1:andriod and iOS emoji are not the same, the same encoding may be on iOS is the sun, and on the andriod is cloudy, the best way to solve this problem is under iOS and andriod emoji mapping, but also on the web through the JS escape processing.

2: Performance, handled in an escaped manner, performance will certainly be reduced, but can be tolerated.

The UBB corresponds to HTML escape, which, in fact, is somewhat similar to UBB, using the HTML escape character & #x2600; The results are about the same as the performance and Ubb, which, by way of normalization, UBB better.


Resources

Php-emoji conversion table:http://code.iamcal.com/php/emoji/

Unicode Emoji Symbols: http://www.unicode.org/~scherer/emoji4unicode/20091221/utc.html

Emoji icon and Unicode correspondence relationship:http://www.easyapns.com/iphone-emoji-alerts

Filter user input non-BMP characters (our factory):http://www.atatech.org/articles/15677

Unicode USC-2 (BMP) characters outside the Hurt and pain (my factory):http://www.atatech.org/articles/13587

Emoji character compatibility processing (our factory): http://www.atatech.org/articles/27568

Talk about Unicode encoding, briefly explaining UCS, UTF, BMP, BOM and other nouns:http://www.fmddlmyy.cn/text6.html

Emoji Online conversion tool:http://unicodey.com/js-emoji/demo.htm

Emoji emoticons for communication between iOS and PHP and MySQL storage: http://blog.csdn.net/wildfireli/article/details/9370161

The difference between proofreading set utf8_unicode_ci and utf8_general_ci in MySQL: HTTP://HI.BAIDU.COM/PHPKOO/ITEM/38238BD8505899E955347FCA,http ://stackoverflow.com/questions/766809/whats-the-difference-between-utf8-general-ci-and-utf8-unicode-ci

The difference between MySQL collation Utf8_unicode_ci and utf8_general_ci:http://justdo2008.iteye.com/blog/2162842

Unicode Character Sets:http://dev.mysql.com/doc/refman/5.0/en/charset-unicode-sets.html

MySQL Settings utf8mb4 code:http://www.linuxidc.com/Linux/2014-07/104231.htm

Andriod support emoji Solution:http://blog.csdn.net/waylife/article/details/11095113

Supporting New Emojis on IOS 6:http://blog.manbolo.com/2012/10/29/supporting-new-emojis-on-ios-6

Let MySQL support emoji emoticons (4 bytes UTF8 character save method in MySQL):http://www.w2bc.com/Article/8533

How to handle 4-byte Unicode characters such as emoji: http://zhidao.baidu.com/link?url=z6PW1ya6plRBgFN7M2zdVLXUnmxYcH2_ Vyk8nw9yi9-kh2estgmjomw1lssmsa853wyhsrtulkjn2okq0a3taudqhiime7b0vs-fegmnyuu

Emoji treatment mode large starting bottom

Contact Us

The content source of this page is from Internet, which doesn't represent Alibaba Cloud's opinion; products and services mentioned on that page don't have any relationship with Alibaba Cloud. If the content of the page makes you feel confusing, please write us an email, we will handle the problem within 5 days after receiving your email.

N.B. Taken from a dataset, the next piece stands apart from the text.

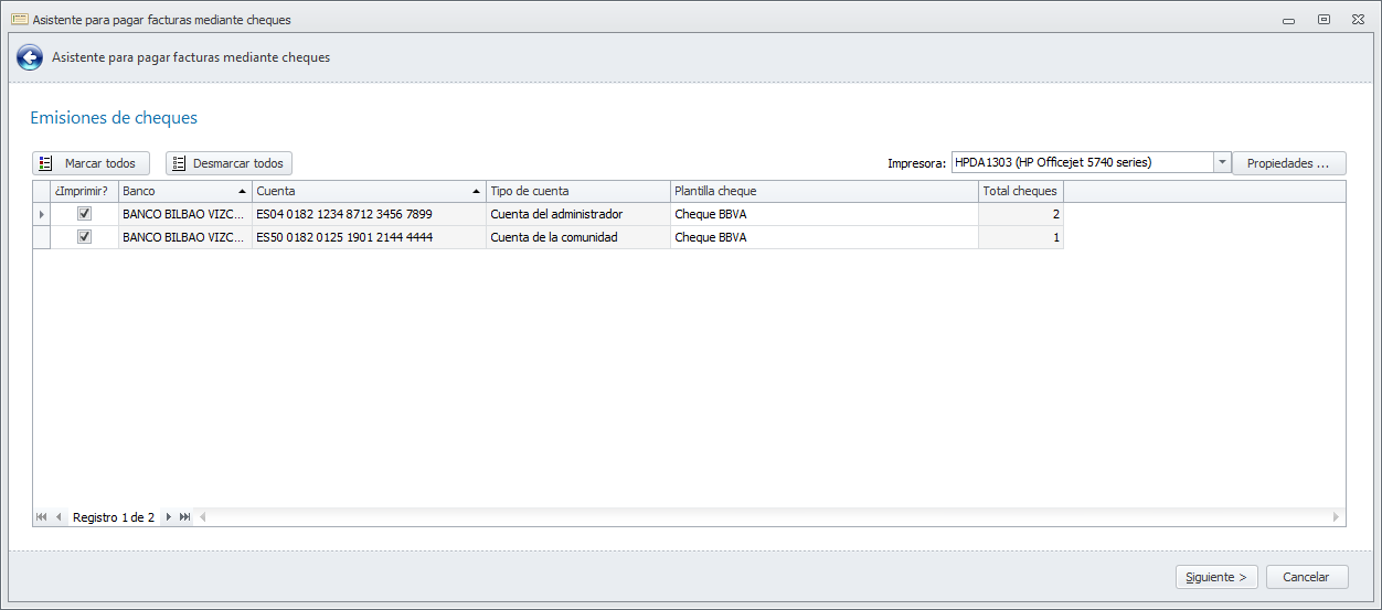 También muestra una lista con las entidades de las que van a emitir los cheques. Si hay cheques que se pagan desde la cuenta de la comunidad, también se muestran.
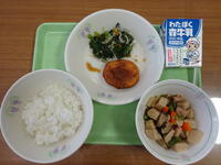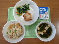 「こぎつねご飯、鶏肉の照り焼き、華風和え、お吸い物」

If you find any instances of plagiarism from the community, please send an email to: info-contact@alibabacloud.com and provide relevant evidence. A staff member will contact you within 5 working days.

A Free Trial That Lets You Build Big!

Start building with 50+ products and up to 12 months usage for Elastic Compute Service

  • Sales Support

    1 on 1 presale consultation

  • After-Sales Support

    24/7 Technical Support 6 Free Tickets per Quarter Faster Response

  • Alibaba Cloud offers highly flexible support services tailored to meet your exact needs.